SOURCE DATA:
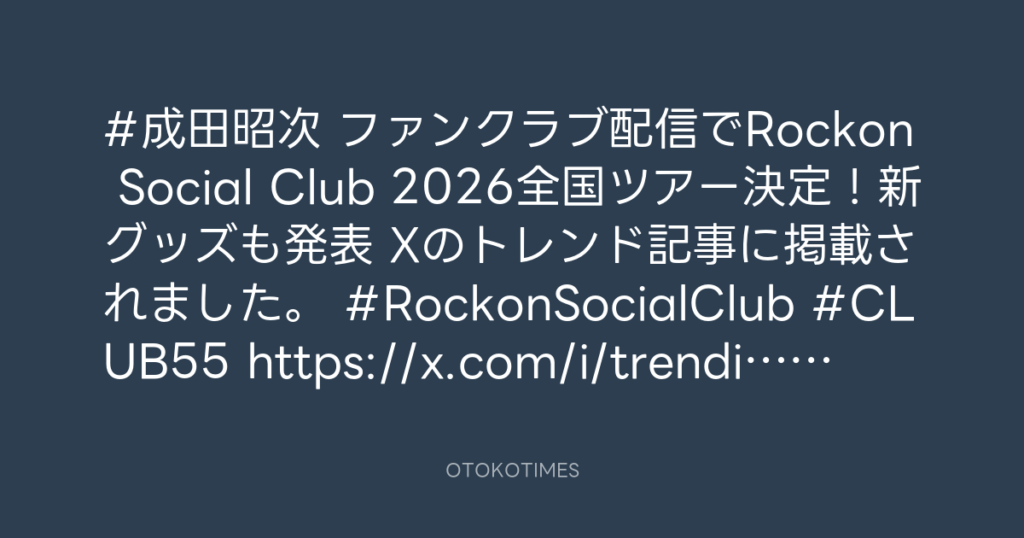 #成田昭次 ファンクラブ配信でRockon Social Club 2026全国ツアー決定!新グッズも... -
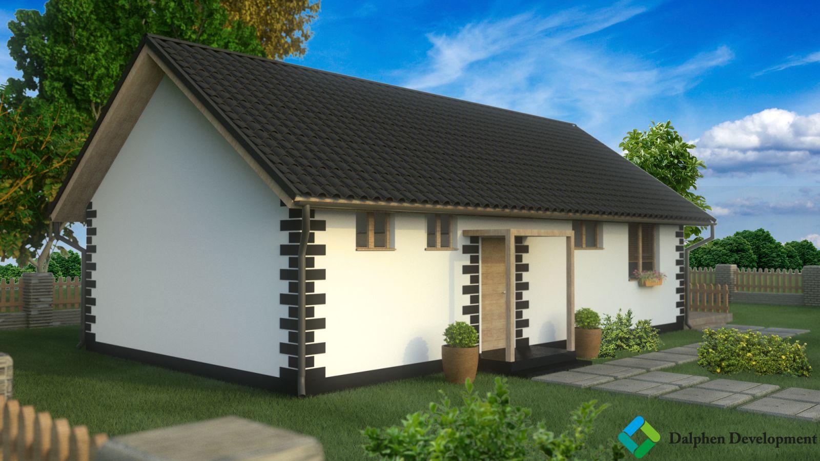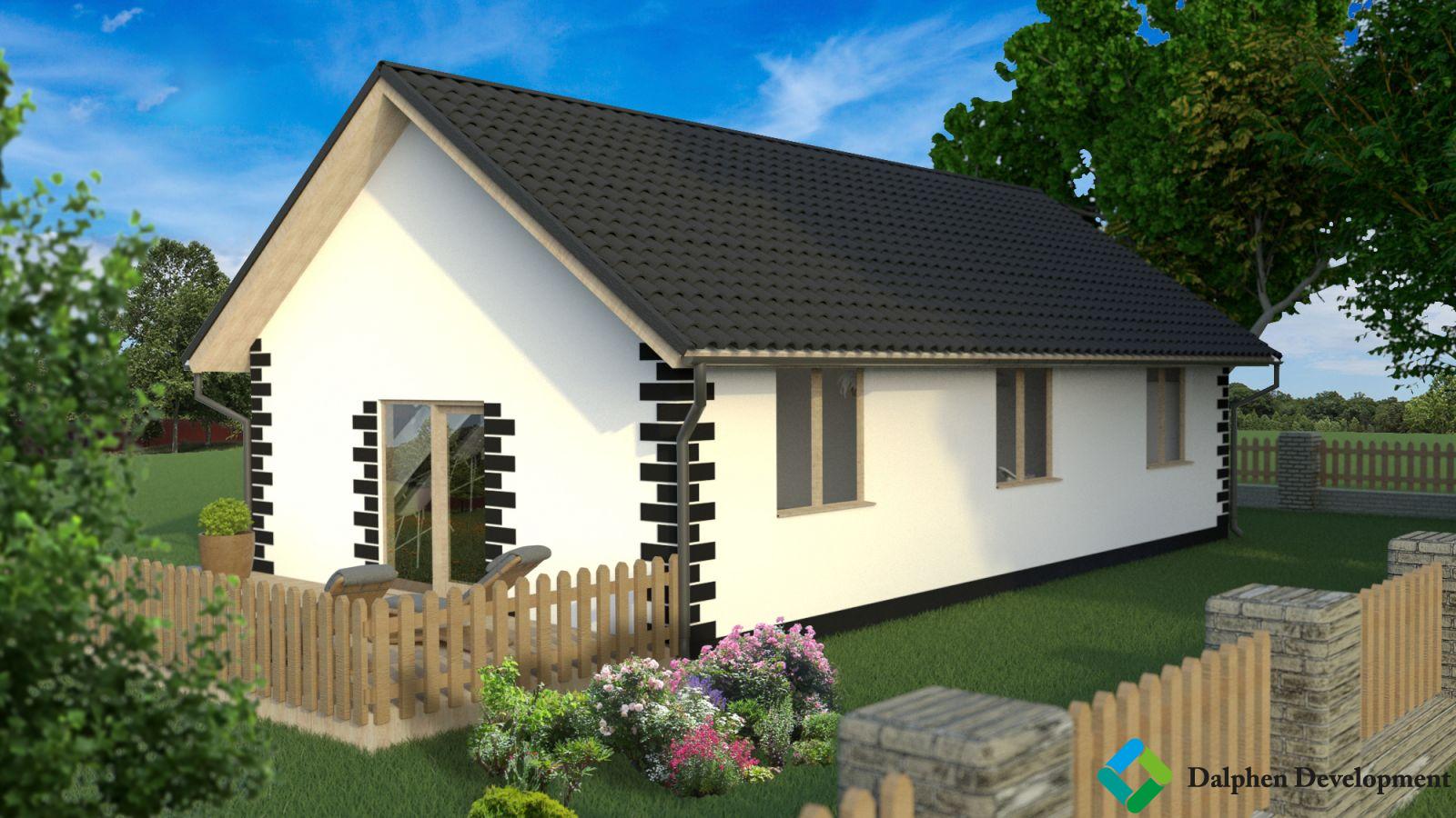 Dispozičně nabízí dům komfortní bydlení až pro čtyřčlennou rodinu, přičemž je kladen důraz na maximální využití prostoru. Uspořádání domu je 3+kk s podlahovou plochou 65 m. Ze zádveří je přímý vstup do samostatného WC a chodby, z níž je přístupná obytná část s kuchyňským koutem, dva pokoje a koupelna. Zdroj tepla je umístěn v technické místnosti, kde se předpokládá také prostor pro pračku a případně sušičku. K domu náleží parkovací stání. Celková plocha pozemku činí 369405 m dle zvolené varianty.
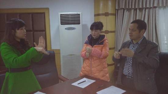 參加本次培訓(xùn)學(xué)員有區(qū)殘聯(lián)黨組書記、王霞和區(qū)殘聯(lián)機關(guān)黨支部書記譚春梅兩名同志。培訓(xùn)內(nèi)容有漢語雙拼音、《中國手語》上下冊和《中國手語日常會話》等,雖然這次培訓(xùn)學(xué)員少,但他們學(xué)習(xí)很認(rèn)真,自覺做到上下午簽到考核。這次培訓(xùn)時間緊,任務(wù)重,學(xué)習(xí)內(nèi)容多,但經(jīng)手語老師的精心教學(xué)和學(xué)員的刻苦學(xué)習(xí),在規(guī)定時間內(nèi)全面完成了教學(xué)內(nèi)容和培訓(xùn)任務(wù)。12月31日,區(qū)人社局、區(qū)殘聯(lián)和達州市特殊教育學(xué)校組成的考核小組對他們進行了嚴(yán)格的筆試和手勢翻譯測試,均取得了優(yōu)異成績,達到了預(yù)期目的,取得了顯著效果。(張淑斌供稿)

PROMPT:
Output the material verbatim, skipping the images.

SOLUTION TO THIS PROBLEM:
 #成田昭次 ファンクラブ配信でRockon Social Club 2026全国ツアー決定!新グッズも... -
 Dispozičně nabízí dům komfortní bydlení až pro čtyřčlennou rodinu, přičemž je kladen důraz na maximální využití prostoru. Uspořádání domu je 3+kk s podlahovou plochou 65 m. Ze zádveří je přímý vstup do samostatného WC a chodby, z níž je přístupná obytná část s kuchyňským koutem, dva pokoje a koupelna. Zdroj tepla je umístěn v technické místnosti, kde se předpokládá také prostor pro pračku a případně sušičku. K domu náleží parkovací stání. Celková plocha pozemku činí 369405 m dle zvolené varianty.
 參加本次培訓(xùn)學(xué)員有區(qū)殘聯(lián)黨組書記、王霞和區(qū)殘聯(lián)機關(guān)黨支部書記譚春梅兩名同志。培訓(xùn)內(nèi)容有漢語雙拼音、《中國手語》上下冊和《中國手語日常會話》等,雖然這次培訓(xùn)學(xué)員少,但他們學(xué)習(xí)很認(rèn)真,自覺做到上下午簽到考核。這次培訓(xùn)時間緊,任務(wù)重,學(xué)習(xí)內(nèi)容多,但經(jīng)手語老師的精心教學(xué)和學(xué)員的刻苦學(xué)習(xí),在規(guī)定時間內(nèi)全面完成了教學(xué)內(nèi)容和培訓(xùn)任務(wù)。12月31日,區(qū)人社局、區(qū)殘聯(lián)和達州市特殊教育學(xué)校組成的考核小組對他們進行了嚴(yán)格的筆試和手勢翻譯測試,均取得了優(yōu)異成績,達到了預(yù)期目的,取得了顯著效果。(張淑斌供稿)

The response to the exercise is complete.